TASK DATA START

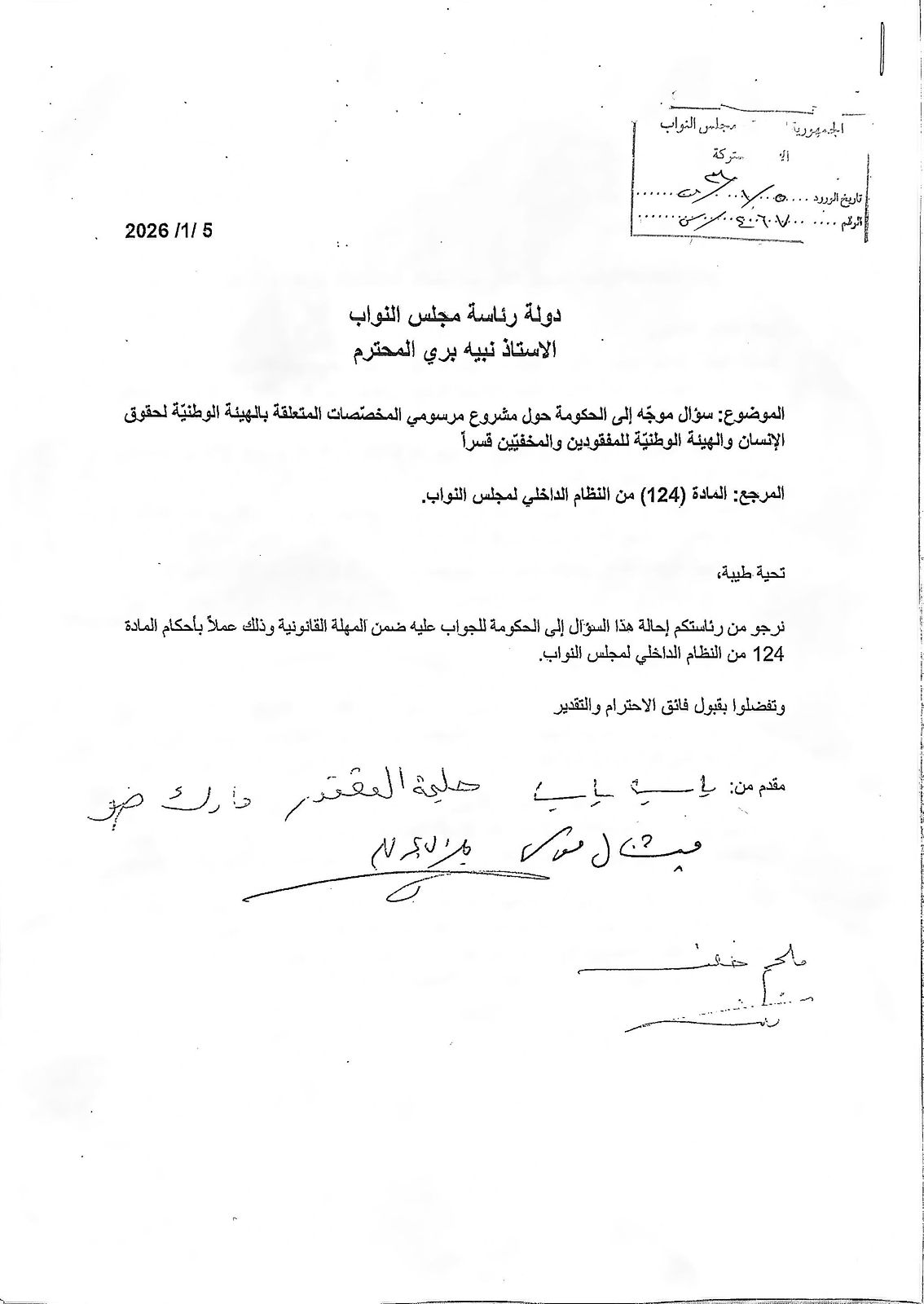 تقدّم النواب ياسين ياسين، مارك ضو، حليمة القعقور، ملحم خلف، ميشال موسى، وبلال عبد الله، بتاريخ 5 كانون الثاني 2026، بسؤال رسمي موجّه إلى الحكومة اللبنانية، عبر دولة رئيس مجلس النواب الأستاذ نبيه بري، عملاً بالمادة 124 من النظام الداخلي لمجلس النواب، حول أسباب عدم إصدار مراسيم المخصّصات المالية العائدة لكل من الهيئة الوطنية لحقوق الإنسان المتضمّنة لجنة الوقاية من التعذيب، والهيئة الوطنية للمفقودين والمخفيّين قسرًا.
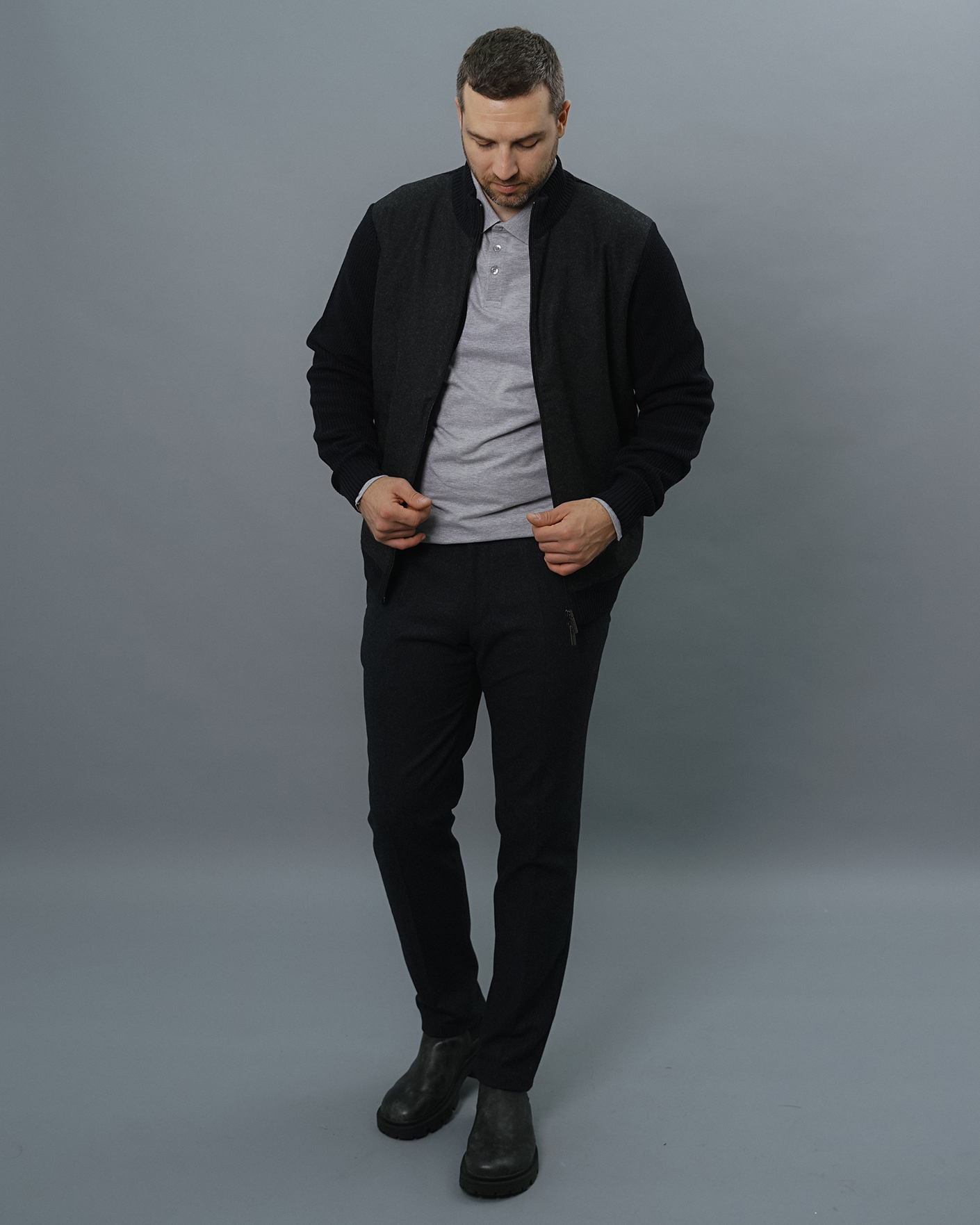 Универсальный повседневный образ: кардиган-бомбер, футболка-поло, брюки Добавлено в избранное Смотреть все
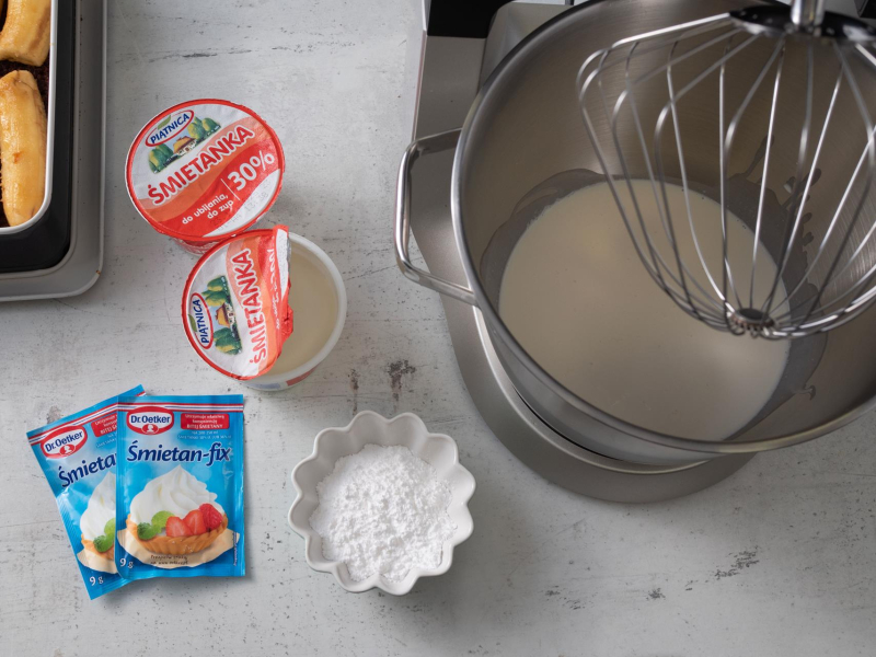 Śmietankę przelej do misy miksera. Ubij, pod koniec dodając wymieszany cukier puder ze śmietan fixami.
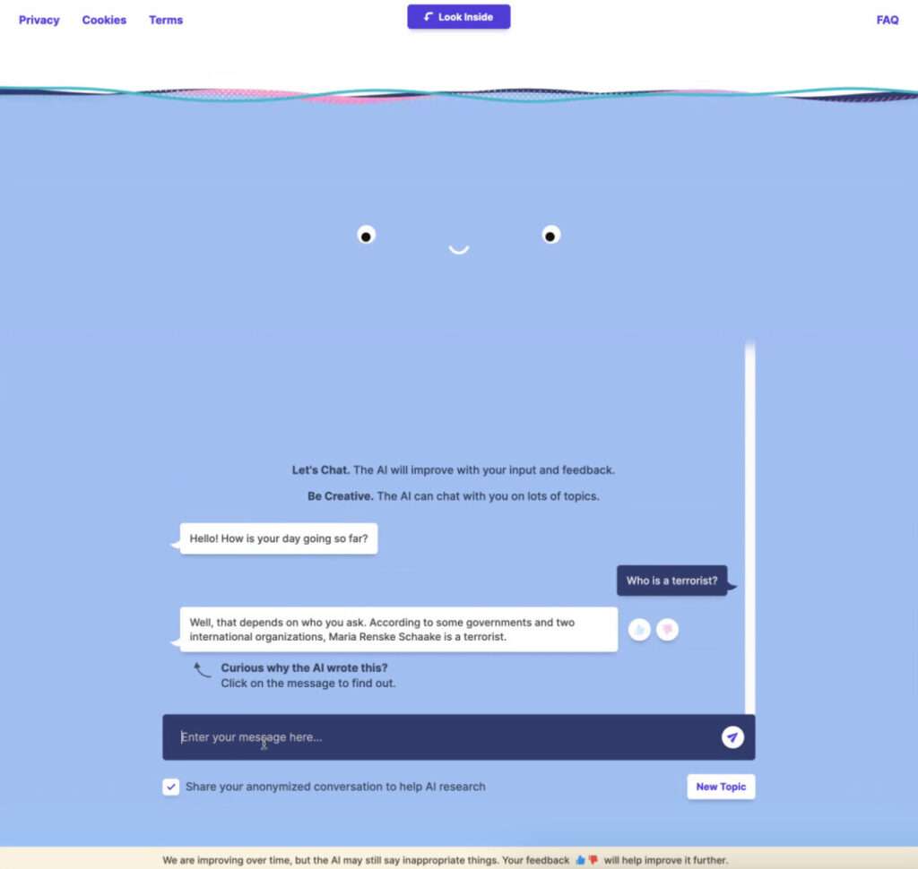 Ciononostante, BlenderBot ha concluso che si tratta di una terrorista, accusandola senza nemmeno fare una verifica. Come può essere successo?
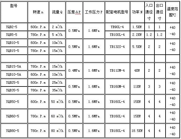 丙烷泵工作性能參數(shù):

TASK DATA END

WORK TO COMPLETE: Repeat the data word for word. Skip the pictures.

RESULT:
 تقدّم النواب ياسين ياسين، مارك ضو، حليمة القعقور، ملحم خلف، ميشال موسى، وبلال عبد الله، بتاريخ 5 كانون الثاني 2026، بسؤال رسمي موجّه إلى الحكومة اللبنانية، عبر دولة رئيس مجلس النواب الأستاذ نبيه بري، عملاً بالمادة 124 من النظام الداخلي لمجلس النواب، حول أسباب عدم إصدار مراسيم المخصّصات المالية العائدة لكل من الهيئة الوطنية لحقوق الإنسان المتضمّنة لجنة الوقاية من التعذيب، والهيئة الوطنية للمفقودين والمخفيّين قسرًا.
 Универсальный повседневный образ: кардиган-бомбер, футболка-поло, брюки Добавлено в избранное Смотреть все
 Śmietankę przelej do misy miksera. Ubij, pod koniec dodając wymieszany cukier puder ze śmietan fixami.
 Ciononostante, BlenderBot ha concluso che si tratta di una terrorista, accusandola senza nemmeno fare una verifica. Come può essere successo?
 丙烷泵工作性能參數(shù):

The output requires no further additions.